● **TASK DATA**:
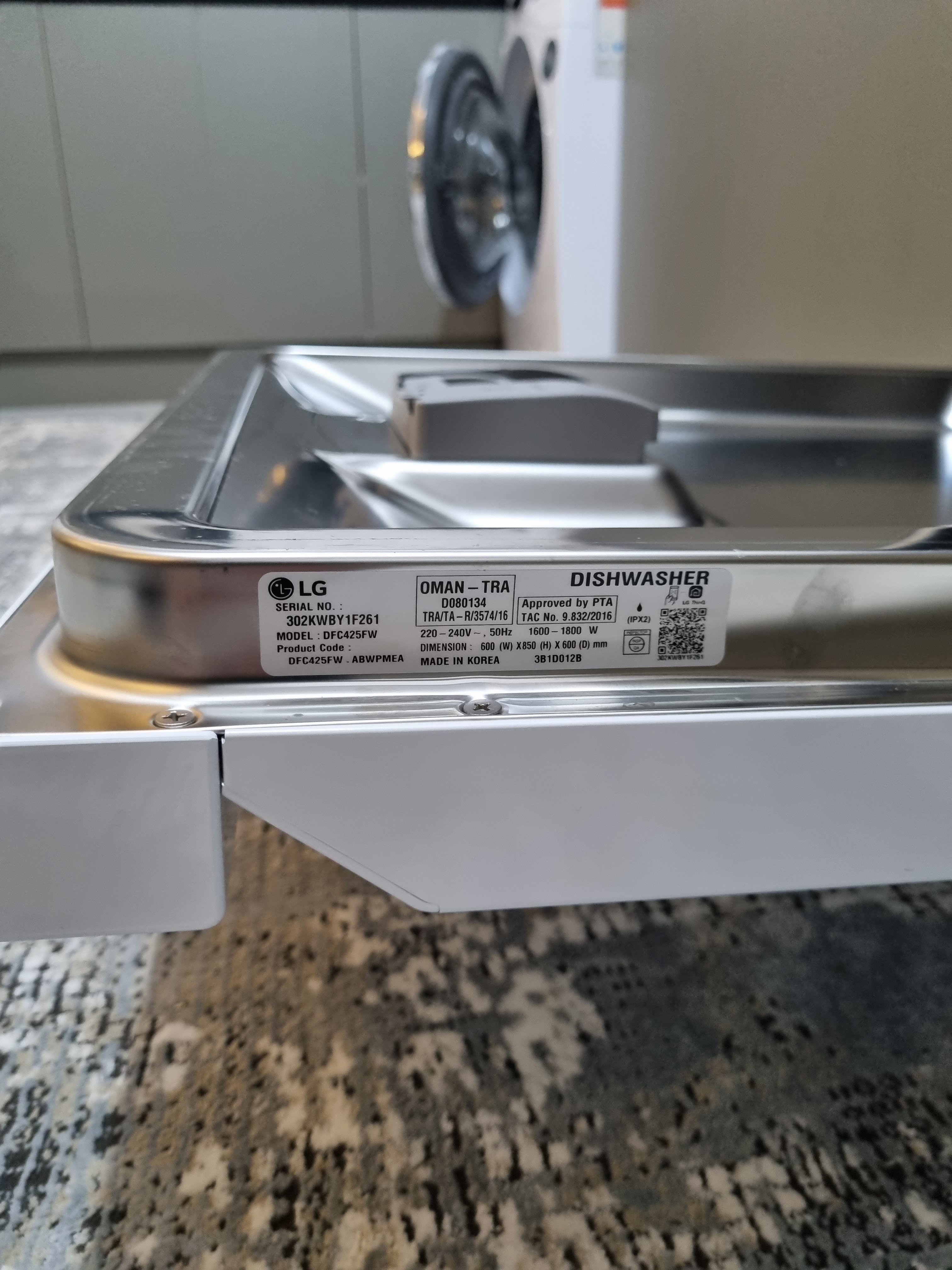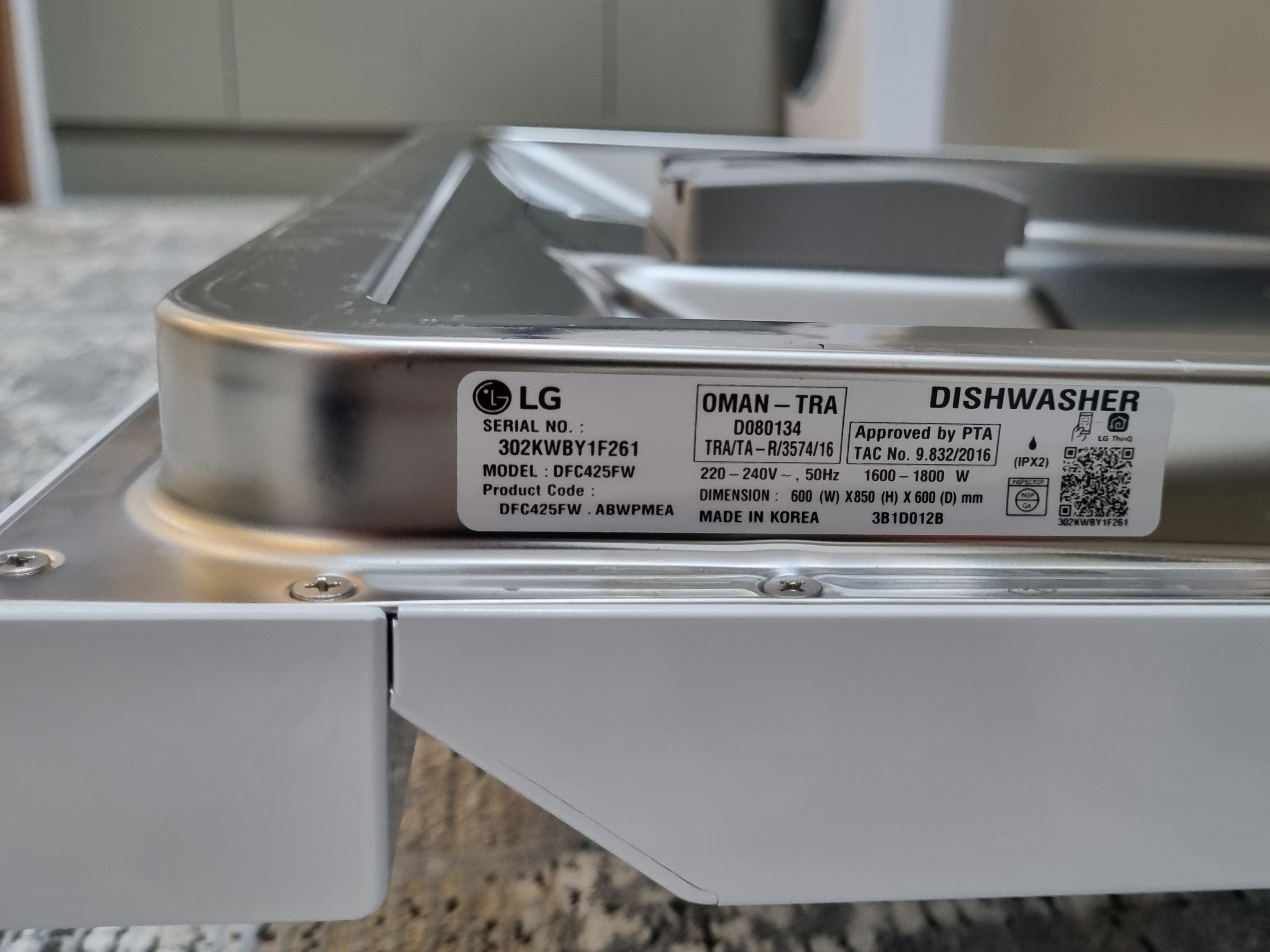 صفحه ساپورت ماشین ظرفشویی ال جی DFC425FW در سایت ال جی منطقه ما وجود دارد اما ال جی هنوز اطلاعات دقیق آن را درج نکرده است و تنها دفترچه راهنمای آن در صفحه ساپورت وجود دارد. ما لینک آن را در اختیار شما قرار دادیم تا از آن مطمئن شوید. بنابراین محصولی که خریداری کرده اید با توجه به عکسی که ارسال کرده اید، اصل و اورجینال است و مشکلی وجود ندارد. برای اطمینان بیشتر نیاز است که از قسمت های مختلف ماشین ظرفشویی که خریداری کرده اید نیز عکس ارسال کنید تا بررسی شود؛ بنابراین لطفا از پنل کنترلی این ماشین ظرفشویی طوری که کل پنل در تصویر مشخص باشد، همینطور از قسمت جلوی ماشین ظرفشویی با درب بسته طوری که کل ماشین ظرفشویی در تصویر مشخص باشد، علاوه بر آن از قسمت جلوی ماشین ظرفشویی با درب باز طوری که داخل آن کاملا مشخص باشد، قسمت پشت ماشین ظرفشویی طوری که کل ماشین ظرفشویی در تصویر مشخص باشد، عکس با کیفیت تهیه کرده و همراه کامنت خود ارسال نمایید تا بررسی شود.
==
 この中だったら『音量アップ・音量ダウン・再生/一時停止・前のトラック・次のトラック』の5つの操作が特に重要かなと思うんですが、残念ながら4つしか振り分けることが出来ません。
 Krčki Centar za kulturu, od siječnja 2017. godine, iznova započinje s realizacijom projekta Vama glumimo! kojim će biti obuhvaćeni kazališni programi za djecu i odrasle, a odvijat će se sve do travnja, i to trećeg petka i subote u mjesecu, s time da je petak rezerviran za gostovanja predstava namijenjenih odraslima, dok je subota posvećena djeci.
--
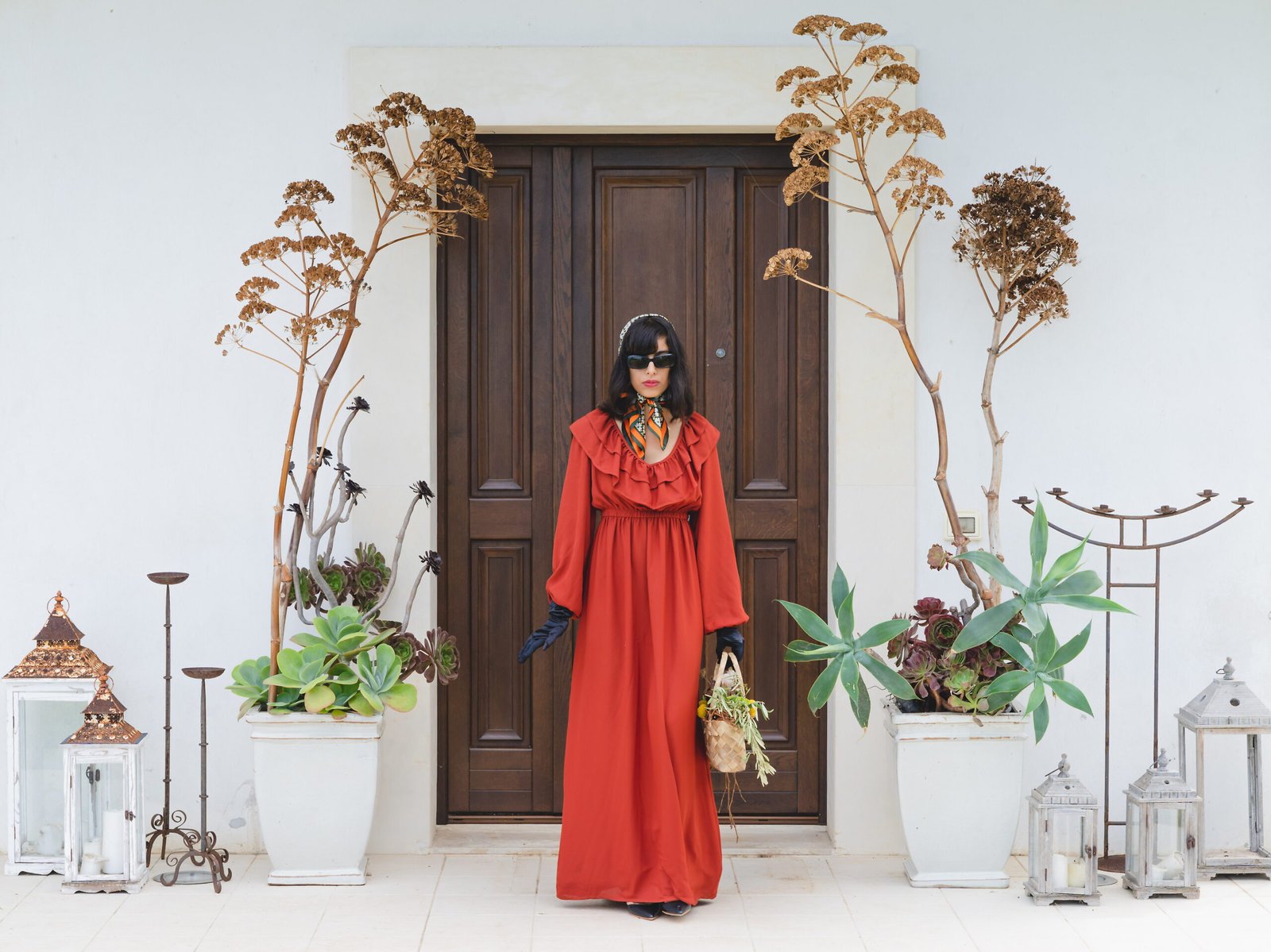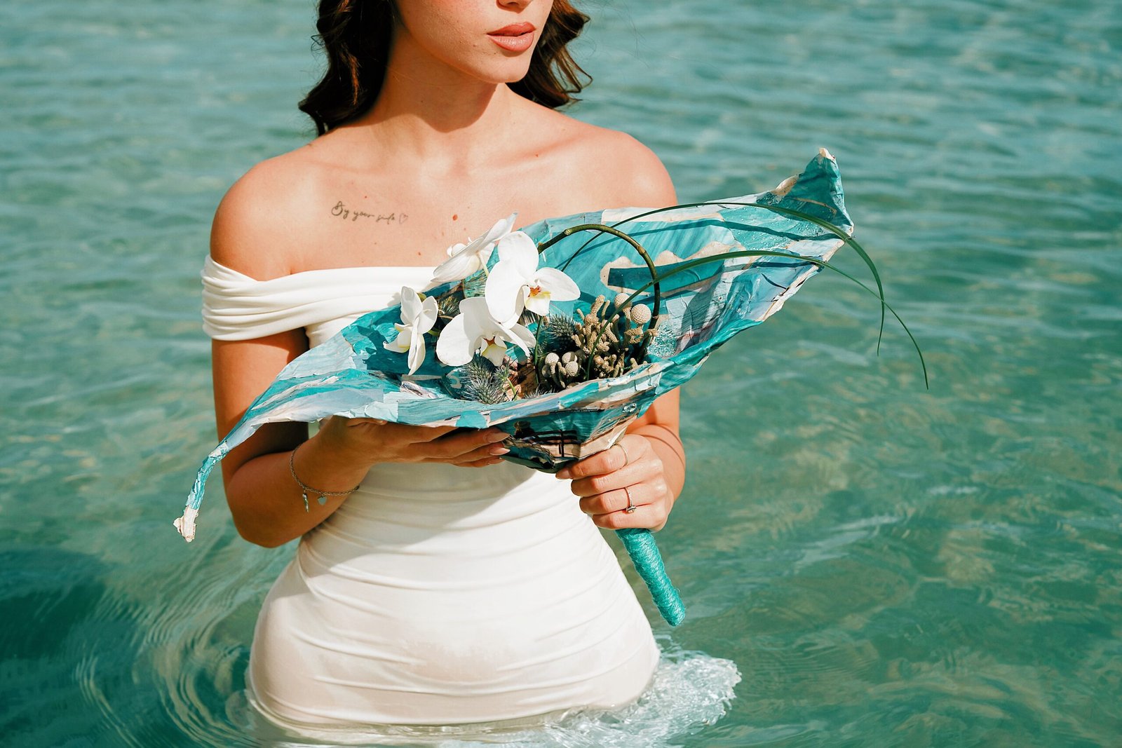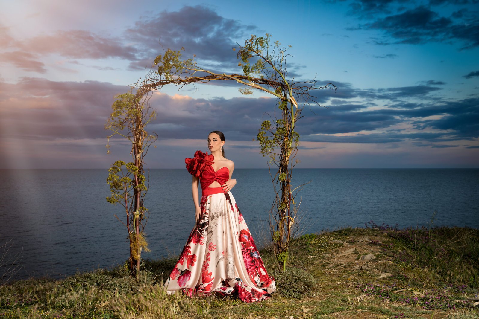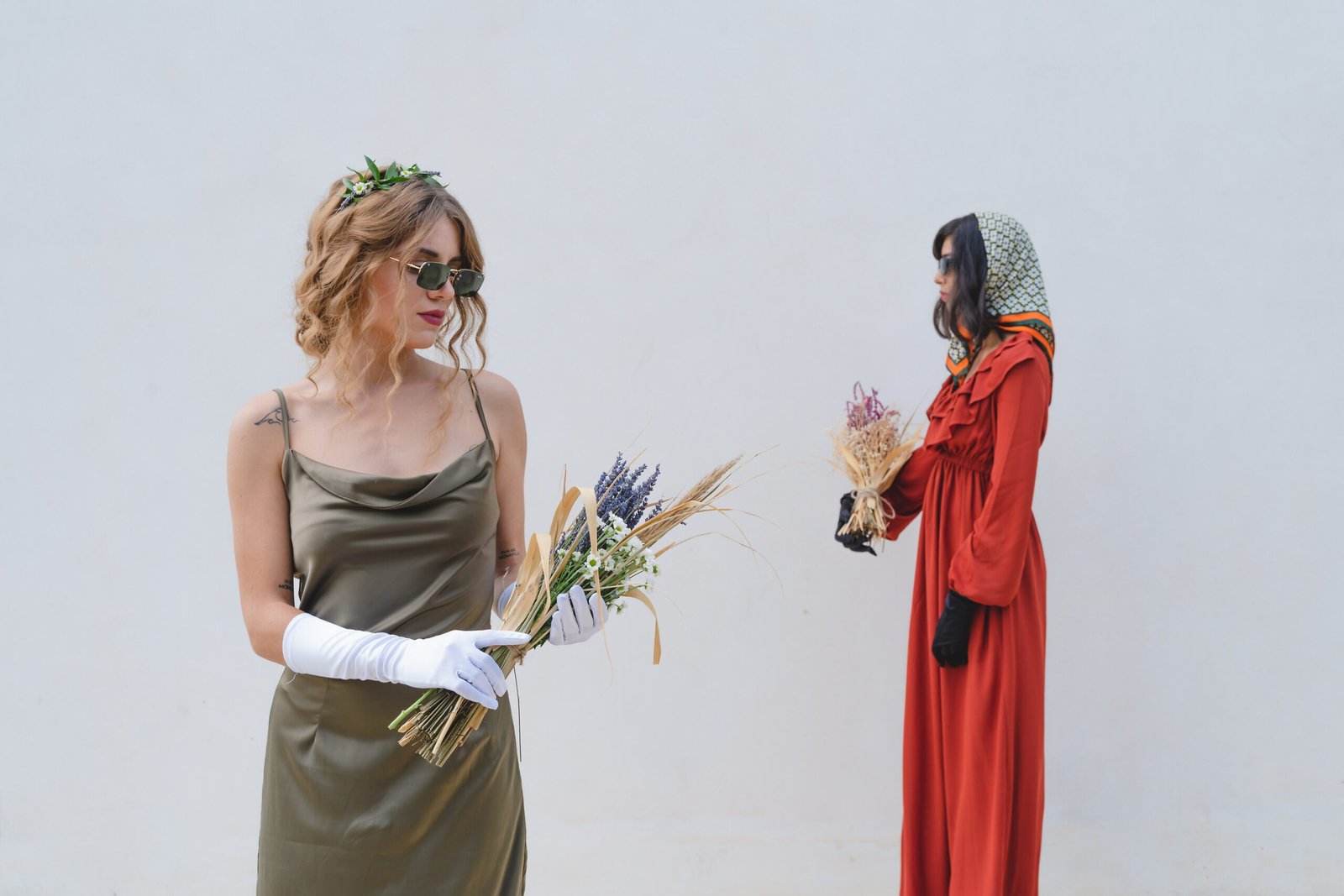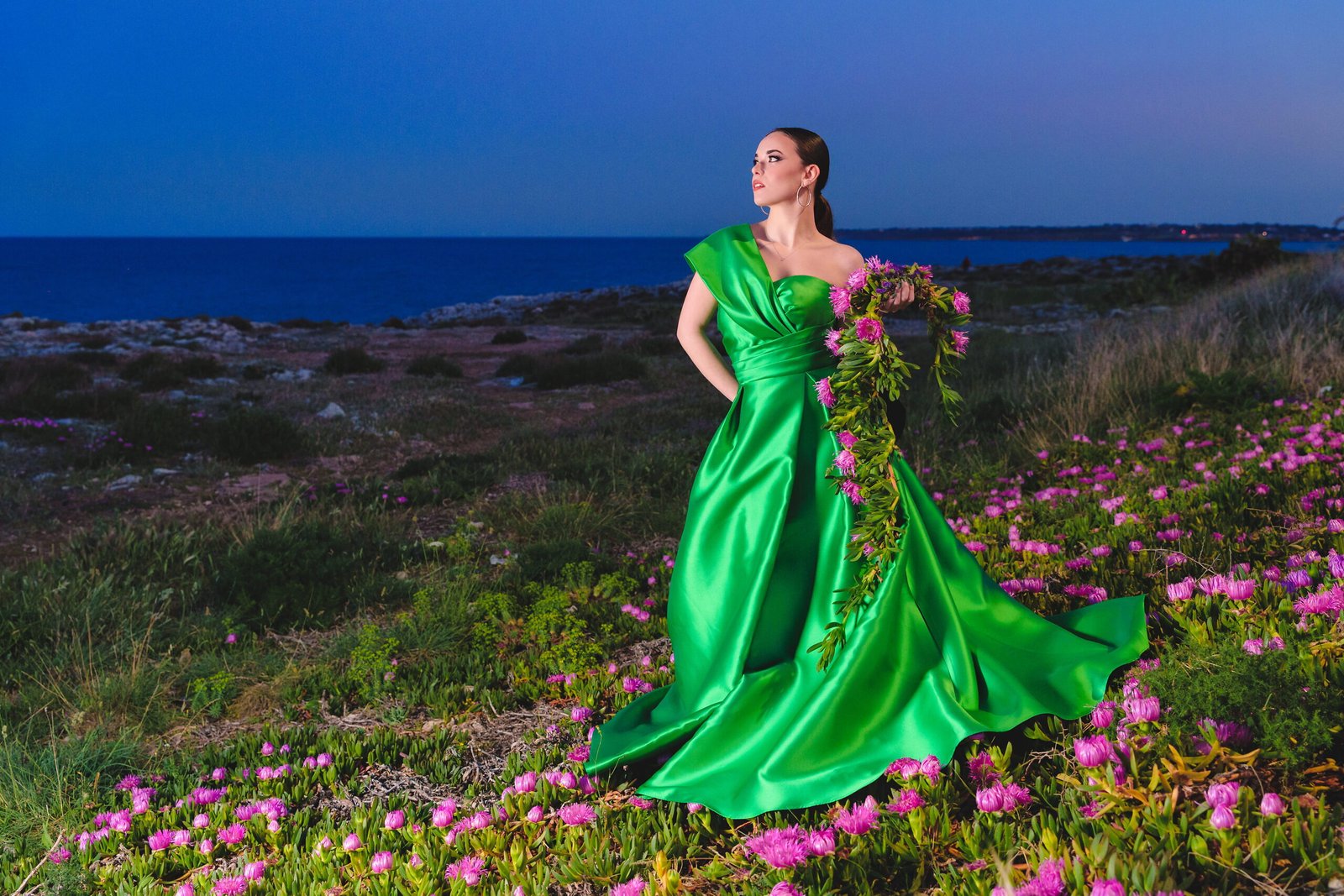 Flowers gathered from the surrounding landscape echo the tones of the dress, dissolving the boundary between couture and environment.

● **PROBLEM TO WORK ON**: Your answer should consist of the lines from the line with "この中だったら『音量アップ・" to the line with "Krčki Centar za" above, repeated exactly, both ends included.

● **EXERCISE ANSWER**:
 この中だったら『音量アップ・音量ダウン・再生/一時停止・前のトラック・次のトラック』の5つの操作が特に重要かなと思うんですが、残念ながら4つしか振り分けることが出来ません。
 Krčki Centar za kulturu, od siječnja 2017. godine, iznova započinje s realizacijom projekta Vama glumimo! kojim će biti obuhvaćeni kazališni programi za djecu i odrasle, a odvijat će se sve do travnja, i to trećeg petka i subote u mjesecu, s time da je petak rezerviran za gostovanja predstava namijenjenih odraslima, dok je subota posvećena djeci.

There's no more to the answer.